Kampong Kranji, 1992. Gift of Ms Tan Teng Teng. Collection of Singapore Art Museum.
However, this agricultural sprint did not last long. With the phasing out of pig farms in the 1980s and rapid industrialisation, only about 200 farms now remain, occupying less than one percent of Singaporean soil. Most of them are family-run farms, tucked away from the city in the Kranji countryside.
Agri-tainment in Full Bloom
Along Kranji Road and Jalan Bahar, passersby would see brown directional signs pointing the way to farms in the Kranji countryside. Brown signposts, previously reserved for tourist attractions like the Singapore Zoological Gardens and Singapore Botanical Gardens, now also highlight the lesser known countryside farms as part of Singapore’s tourism canon.

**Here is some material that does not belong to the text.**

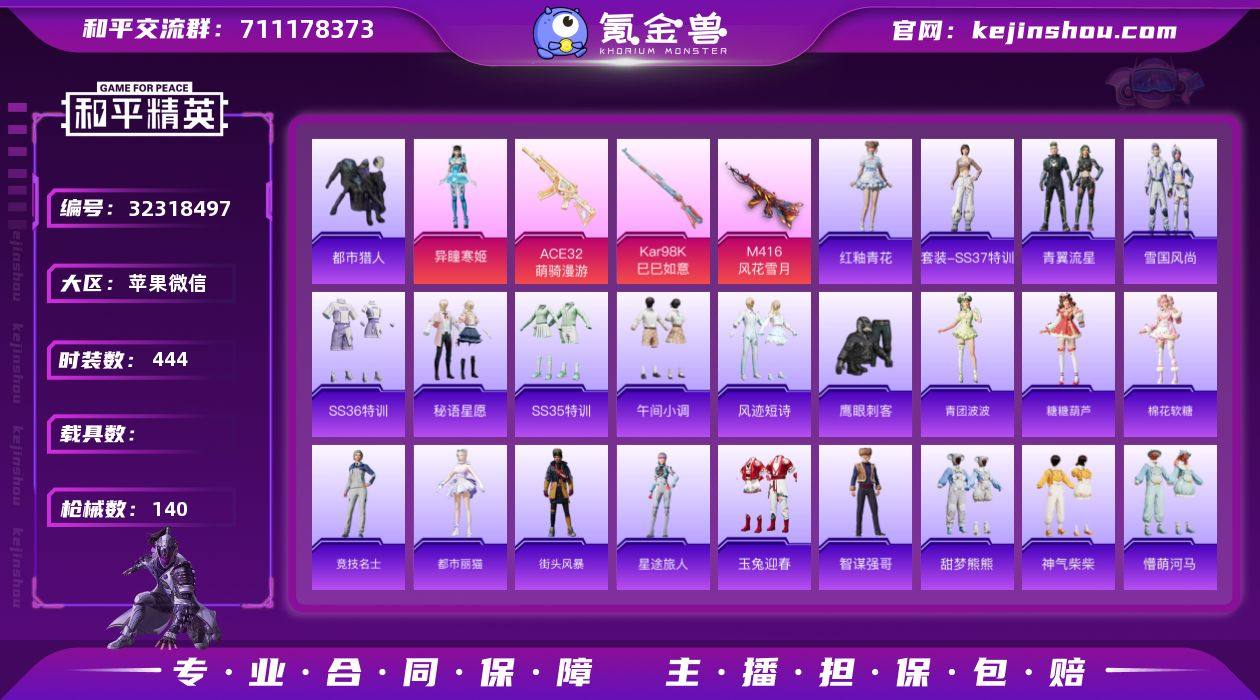 AL691457 【特价苹果v区微信临时社交 身法小号 都市猎人7级m4风花雪月 无敌战神框】 热力值44259 枪皮数量140 粉装数1 套装数量112 时装数444 战备数102 其他武器皮肤133 头盔51 动作41 伙伴4 其他武器皮肤:M762-绯红前夜,M762-天降萌叽,M762-瑞龙福将,M416-蓝色火焰,GROZA-彩虹符号,GROZA-影袭,GROZA-田园牧歌,GROZA-福马献瑞,GROZA-异彩先驱,GROZA-紫矿核心,GROZA-懵萌河马,蜜獾-糖糖葫芦,蜜獾-娇憨猪猪,蜜獾-天降萌叽,蜜獾-风迹短诗,ACE32-冰晶雪宝,AKM-萌趣颜团子,AKM-彩虹符号,AKM-虎虎生威,AKM-霓虹街区,AKM-影袭,AKM-夜灯,AKM-星之彼岸,AUG-青春冒险家,AUG-冰晶雪宝,AUG-耀粉歌者,SCAR-L-炫彩节奏,SCAR-L-玉兔迎春,SCAR-L-星途旅人,SCAR-L-红色方程式,AC-VAL-天降萌叽,AC-VAL-乌木金纹,Famas-乌木金纹,G36C-乌木金纹,G36C-懵萌河马,G36C-暗夜玫瑰,M16A4-雨过天青,M16A4-幻世战舞者,Mk47-乌木金纹,Mk47-风迹短诗,QBZ-彩虹符号,Win94-瑞龙福将,Mini14-乌木金纹,Kar98K-彩虹符号,Kar98K-乌木金纹,Kar98K-影袭,M200-乌木金纹,M200-惊鸿侠骨,莫辛纳甘-风迹短诗,莫辛纳甘-懵萌河马,莫辛纳甘-乌木金纹,AMR-雨过天青,M24...

These signs were put up as part of Kranji Countryside Association’s (KCA) push for agri-tainment. Founded in 2005, the non-profit group was founded by members of the farming community to champion the countryside experience as a rural getaway from the heavily urbanised city.
With at least 40 farms welcoming the public today, agri-tainment has become a key to their sustainability. From farm stays and restaurants to experiential tours and educational workshops, these farms offer a side of Singapore that has been lost to most. They also sit amidst nature conservations and war memorials, offering a rich and poignant experience for those who want to dig deeper into Kranji’s heritage.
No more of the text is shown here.